LE DONNE ALLE URNE Il 2 giugno 1946, per la prima volta nella storia, le donne italiane sono chiamate alle urne insieme agli uomini per votare il referendum che proclamerà l’Italia, fino ad allora governata da Vittorio Emanuele III, una Repubblica. Il 1 gennaio 1948 entrerà in vigore, in sostituzione del secolare Statuto Albertino, la nostra Carta costituzionale. L’articolo 29, comma 2, della Costituzione, recita: “Il matrimonio è ordinato sull’eguaglianza morale e giuridica dei coniugi, con i limiti stabiliti dalla legge a garanzia dell’unità familiare”.

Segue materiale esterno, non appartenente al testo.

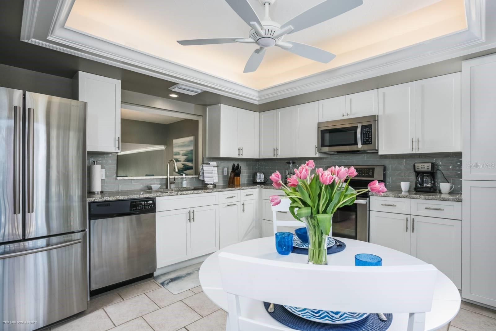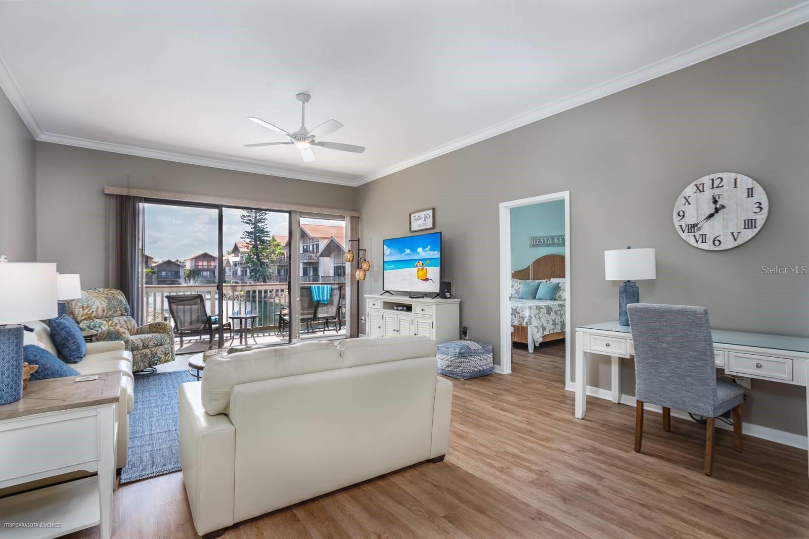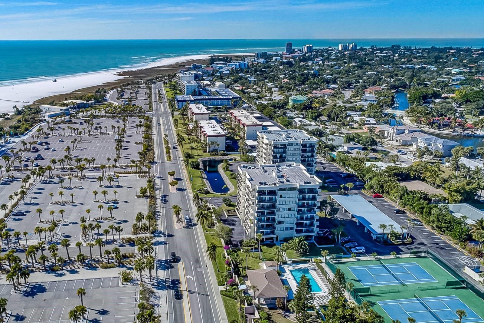 See this Fabulous Beach Retreat w/Rental Income Opportunity Located Directly Across the Street from the #1 Ranked Beach in the USA! This incredible 2020 Fully Remodeled and Newly Furnished Condo is Steps Away from the Famous Siesta Key White Crystal Sandy Beaches and Turquoise Gulf Waters! UNIT FEATURES: 2 Large Bedrooms, 2 Fully Remodeled Baths, Great Split Level Floor Plan, Main Level includes the Living Room and Master Suite both with Long Lake Views and Balconies to Enjoy the Gulf Breezes and Beautiful Sunsets, Living Room and Master Suite have Vaulted Ceilings, Master Suite has a Fabulous Updated Master Bath w/Dual Shaker-Style Cabinets and Granite Counters, Walk-in Shower w/Beach Pebble Shower Floor, Spacious Dressing Area w/Built-in Closets; Upper Level includes Large Dining Room Overlooking the Living Room to the Lake Views, Elegantly Remodeled 2020 Light Bright Kitchen w/White Shaker-Style Cabinetry, Granite Counter Tops, Stainless Steel Appliances, Eat-in Kitchen Area, Pantry Closet, Laundry Closet plus a Slider to Balcony w/Sunset Views of the Tennis Courts; Split Plan Guest Bedroom Suite also includes a Balcony w/Views of the Tennis Courts, Remodeled Guest Bath w/Designer Tile, Granite Counter Tops and Combo Tub/Shower, 10' Ceilings, Brand New 2025 Tile Flooring on Main Level, One Car Garage on Ground Street Level w/Tons of Storage for Beach Chairs, TURNKEY FURNISHED w/Brand New Coastal Furniture, Home Sleeps 6 w/Sleeper Sofa, Paid in Full $60,000 for Brand New Impact Sliders, Impact Windows and Impact Garage Door to be installed in Spring of 2026, One Small Dog is Permitted for Owners. CONDO includes: Resort Style Amenities, Heated Pool, Tennis and Pickle Ball Courts and BBQ Pavilion. RENTAL FACTS: On-Site Rental Management Office Conveniently Available to take Advantage of the (52) Weekly Rental Program or Choose Your Own Airbnb Program. Owner Currently Books Rentals via Full Service Management through iTrip. Unit Income is approx $60,000 per year. COMMUNITY includes: Public Beach Access Across the Street w/Sand Volley Ball, Tennis & Pickle Ball Courts and Drum Circle. Siesta Key Trolly Transportation to Siesta Key Village is nearby to plenty of Restaurants, Bars, Ice Cream Shops and Boutiques. No Flood Damage to Unit.

LA LEGISLAZIONE SULLA FAMIGLIA IN ITALIA Nel 1974, il popolo approva mediante referendum la legge sul divorzio (n. 898 del 1970: Disciplina nei casi di scioglimento di matrimonio). I figli del divorzio sono solitamente affidati alla madre, che assume una funzione materna e paterna insieme piuttosto che promuovere il valore del padre in quanto tale, e non in quanto coniuge.

Nel 1981, il popolo approva mediante referendum la legge sull’aborto (n. 194 del 1978: Norme per la tutela sociale della maternità e sull’interruzione volontaria della gravidanza). La riforma del Diritto di famiglia (legge n. 151 del 1975) abolisce per sempre la patria potestà, sostituita finalmente dalla potestà genitoriale.

PER UNA PEDAGOGIA DELLE RELAZIONI EDUCATIVE FAMILIARI La Costituzione obbliga inderogabilmente a garantire i diritti inviolabili dell’uomo “sia come singolo sia nelle formazioni sociali ove si svolge la sua personalità” (articolo 2). La famiglia di fatto, in quanto formazione sociale ove si svolge la personalità del singolo (e non in quanto “famiglia”), dovrebbe essere tutelata affinché sia tutelata la persona che si muove all’interno della formazione sociale stessa, in primo luogo la donna e il bambino.

Un esempio classico è quello della coppia convivente con figli: in base a quale criterio le politiche sociali dovrebbero eludere una formazione sociale di siffatta specie dall’alveo delle “comunità educanti”? Il problema, piuttosto, è quello di trovare una formula giuridica alternativa a “famiglia” – ad esempio, “comunità di relazioni familiari” – che consenta tuttavia alle persone di esercitare i propri diritti e osservare i propri doveri.

PER UNA POLITICA DELLA TENEREZZA Se la famiglia nasce storicamente come comunità di famuli riunita intorno a un pater familias, il recupero di valori patriarcali porrebbe al centro il padre e la famiglia. La politica della tenerezza, al contrario, promuove il recupero di valori paterni, che, non esprimendosi nella logica del dominio, pone al centro i padri e le relazioni educative familiari. Uno Stato paterno e non paternalistico accoglie il primato del bambino e tutela la famiglia, formazione sociale naturalmente predisposta all’accoglienza del futuro di cui ogni nuovo nato è portatore.